The sources of these regulations are many; there are higher energy rates defined in the Environmental Protection Agency (EPA) Clean Power Plan, higher food prices set by new Food and Drug Administration (FDA) regulations, higher costs for credit for consumers and businesses due to Dodd-Frank financial regulations and higher medical expenses because of Obamacare. There are even increased costs for the Internet due to reduced innovation and investment dictated by “Net Neutrality” rules as mandated by the Federal Communications Commission (FCC).

And of course, accompanying all of these rules is the responsibility for enforcing them. As the number of regulations on the books goes up, so do the related enforcement costs. In 2015, enforcement costs for federal regulations were $57 billion, which is 83 percent higher than the corresponding costs were in 2001. As of last year, there were 277,000 government employees assigned to the enforcement of these rules.

The economic impact of all these regulations has clearly been felt by many people in the country.

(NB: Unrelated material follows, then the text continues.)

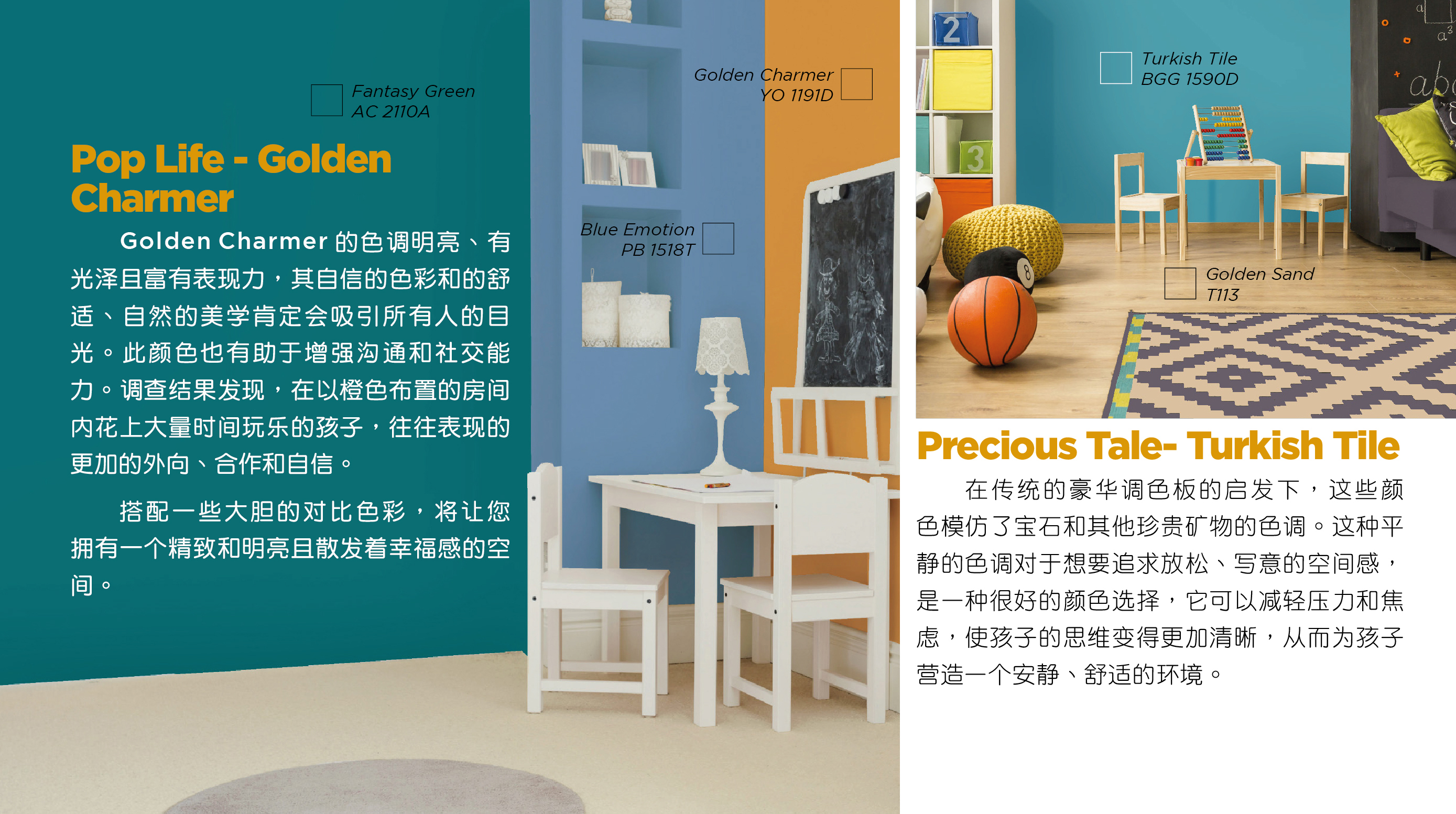 这两种颜色可以激发您孩子的创造力-Golden Charmer和土耳其瓷砖蓝Turkish Tile。此两种颜色是您孩子的游戏室或书房的绝佳颜色配搭。

For author Katz, the prescriptions for this issue are manifold. She believes that all regulatory legislation should undergo a rigorous impact analysis before it’s voted on in Congress; she also believes that all regulations should obtain specific Congressional approval before they take effect.

Furthermore, Katz believes all regulations should be subject to “sunset” schedules pending their potential renewal and that independent government agencies should be subject to the identical White House regulatory reviews that executive branch agencies are subject to today.

How quickly President-Elect Donald Trump will be able to stem and reverse the tide of this extremely excessive government interference remains to be seen. But clearly, as Reagan had with Carter’s machinations in 1981, Trump has had his work cut out for him by Obama in 2017.